Marcus Floyd

No. 30
- Position: Cornerback

Personal information
- Born: October 12, 1978 (age 47) Bartow, Florida, U.S.
- Height: 5 ft 9 in (1.75 m)
- Weight: 180 lb (82 kg)

Career information
- High school: Bartow
- College: Indiana
- NFL draft: 2002: undrafted

Career history
- New York Jets (2002); Buffalo Bills (2002–2003); Carolina Panthers (2004–2005); → Cologne Centurions (2004–2005);

Career NFL statistics
- Tackles: 5
- Stats at Pro Football Reference

Other information

Personal details
- Spouse: Monique J. Floyd
- Occupation: Minister

= Marcus Floyd =

American football player (born 1978)

Marcus D. Floyd (born October 12, 1978) is an American minister and former professional football cornerback in the National Football League (NFL) for the New York Jets, Buffalo Bills and Carolina Panthers.
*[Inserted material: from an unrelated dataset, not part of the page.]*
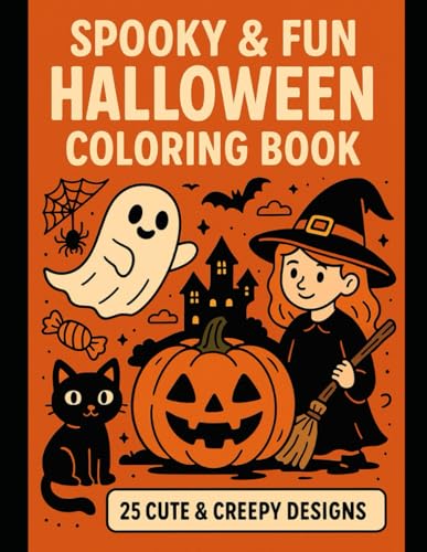 “Spooky & Fun Halloween Coloring Book: 25 Cute & Creepy Designs for Kids, Teens & Adults | Pumpkins, Witches, Ghosts, and Haunted Fun

He played college football for the Indiana Hoosiers.

== Football career ==

=== High school ===

Floyd earned all-state recognition as a senior at Bartow High School. He rushed for 1,002 yards and 14 touchdowns and helped lead his team to the 1996 Florida 4A state championship. Floyd had his #24 Jersey retired by Bartow Senior High School on October 4, 2013.

=== College career ===

At Indiana University, Floyd made 86 tackles, three interceptions, five pass deflections, two forced fumbles, and two fumble recoveries in two seasons as a defensive back. He switched from running back to defensive back midway through his red shirt junior year in 1999. In 2001, Floyd won the Ted Verlihay Award, given annually to the player who demonstrates the best mental attitude and loyalty to the Hoosier football program. He made 46 tackles, three interceptions, five pass deflections, one forced fumble and one fumble recovery while playing as a graduate student. In 2000, as a senior, Floyd started the final four games and made 40 tackles, one forced fumble and one fumble recovery. In 1999, as a junior, Floyd red shirted. In 1998, as a second year student (sophomore), Floyd moved to running back and made 315 yards on 64 carries. In 1997, as a freshman, Floyd began his career as a wide receiver and made one catch. Floyd was the winner of the Hoosier Strength and Conditioning challenge in both 1998 and 2001.

=== NFL ===

Floyd was originally signed as an undrafted rookie free agent by the New York Jets in 2002. He saw action in the Jets' first two games of the regular season, contributing two special teams tackles, and was inactive for one contest. He was then waived by the Jets. Floyd was then signed by the Buffalo Bills for their practice squad, but eventually was signed to the active roster for the final two contests of the season and recorded six special teams stops. He remained with the Bills until being waived prior to the 2003 season and was signed by the Carolina Panthers for the 2004 season after sitting out for all of 2003. Floyd played for the Carolina Panthers in 2004 and 2005. He was also allocated by the Carolina Panthers to play in NFL Europe, where he was the second cornerback drafted in the 2004 NFL Europe draft.

== Education ==

Floyd earned a Bachelor of Science degree in communications from Indiana University in 2001. Floyd also earned a Master of Arts degree in Christian leadership in 2008 and a Master of Divinity degree in 2010 from Liberty University. He graduated with a Doctor of Ministry degree from Liberty University in October 2020.